Symposium Speaker at Sensing Style: Today's Global Subcultures
"Performing Imaginary Life"
Organizers: Leiden University Centre for the Arts in Society (LUCAS) in collaboration with West
Leiden + Den Haag, The Netherlands
December 11, 2020

The symposium addressed the state-of-the-art debates on style and subcultures within the globalized, virialized, and mediatized popular culture of the 21st.

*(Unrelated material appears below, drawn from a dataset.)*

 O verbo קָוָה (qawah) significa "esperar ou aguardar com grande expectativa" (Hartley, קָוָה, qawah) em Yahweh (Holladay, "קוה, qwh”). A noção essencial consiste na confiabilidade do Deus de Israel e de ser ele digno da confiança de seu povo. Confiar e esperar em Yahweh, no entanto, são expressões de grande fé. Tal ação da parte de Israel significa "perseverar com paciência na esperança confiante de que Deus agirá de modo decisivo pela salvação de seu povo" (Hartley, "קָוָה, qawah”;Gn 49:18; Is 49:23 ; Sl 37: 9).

Common Ground: Artists Reimaging Community
Curated by Jennifer Vanderpool
November 23, 2020-March 19, 2021
The William Rolland Gallery of Fine of Art
California Lutheran University
Thousand Oaks, California

Inspired by mutual aid societies that assist community members in need and employing this as a curatorial strategy, Jennifer invited ten artists to exhibit who, in turn, each invited an artist who then each asked an artist to participate, and the project continues to grow like a web, as invited artists are inevitably connected to other exhibiting artists. The work included in Common Ground engages, investigates, and questions the concepts of what “community” was and how we, as a communal society engaged in civil contestation, can reimagine what it can be by addressing the sociopolitical and economic ruptures laid bare by COVID-19 and the BLM movement.

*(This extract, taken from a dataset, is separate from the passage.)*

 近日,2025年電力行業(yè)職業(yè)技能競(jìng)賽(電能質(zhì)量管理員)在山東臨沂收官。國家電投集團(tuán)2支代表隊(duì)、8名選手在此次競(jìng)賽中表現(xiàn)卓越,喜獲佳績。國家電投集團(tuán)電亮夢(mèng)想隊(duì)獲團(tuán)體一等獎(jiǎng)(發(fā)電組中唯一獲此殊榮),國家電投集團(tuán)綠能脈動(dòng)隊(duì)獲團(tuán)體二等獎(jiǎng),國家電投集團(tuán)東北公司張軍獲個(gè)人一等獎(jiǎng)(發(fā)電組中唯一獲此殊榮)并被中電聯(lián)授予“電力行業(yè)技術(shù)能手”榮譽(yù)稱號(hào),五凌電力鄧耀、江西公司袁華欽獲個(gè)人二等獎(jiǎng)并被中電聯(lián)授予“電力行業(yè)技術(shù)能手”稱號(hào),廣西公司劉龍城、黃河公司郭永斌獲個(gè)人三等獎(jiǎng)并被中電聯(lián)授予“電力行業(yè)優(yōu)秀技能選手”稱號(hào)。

You, Me, and They Portraying Us
Curated by Jennifer Vanderpool
October 25-November 26, 2020
José Drudis-Biada Art Gallery
Mount St. Mary's University Los Angeles
Los Angeles, California

Jennifer integrated the participatory strategies of social practice art to organize communities in debate and collaboration with modes of curatorial activism approaches that challenge the assumptions and erasures of voices in hegemonic narratives to develop this exhibition. In this exhibition, artists included portray their multifaceted identities, sometimes interwoven with their psychological struggles and further complicated by public perceptions of who they are, should be, or could be. Working across the mediums of painting, social media, performance, sculpture, papermaking, and crafting, their work questions portraiture constructs as a restricted intellectual idea and mode of portrayal.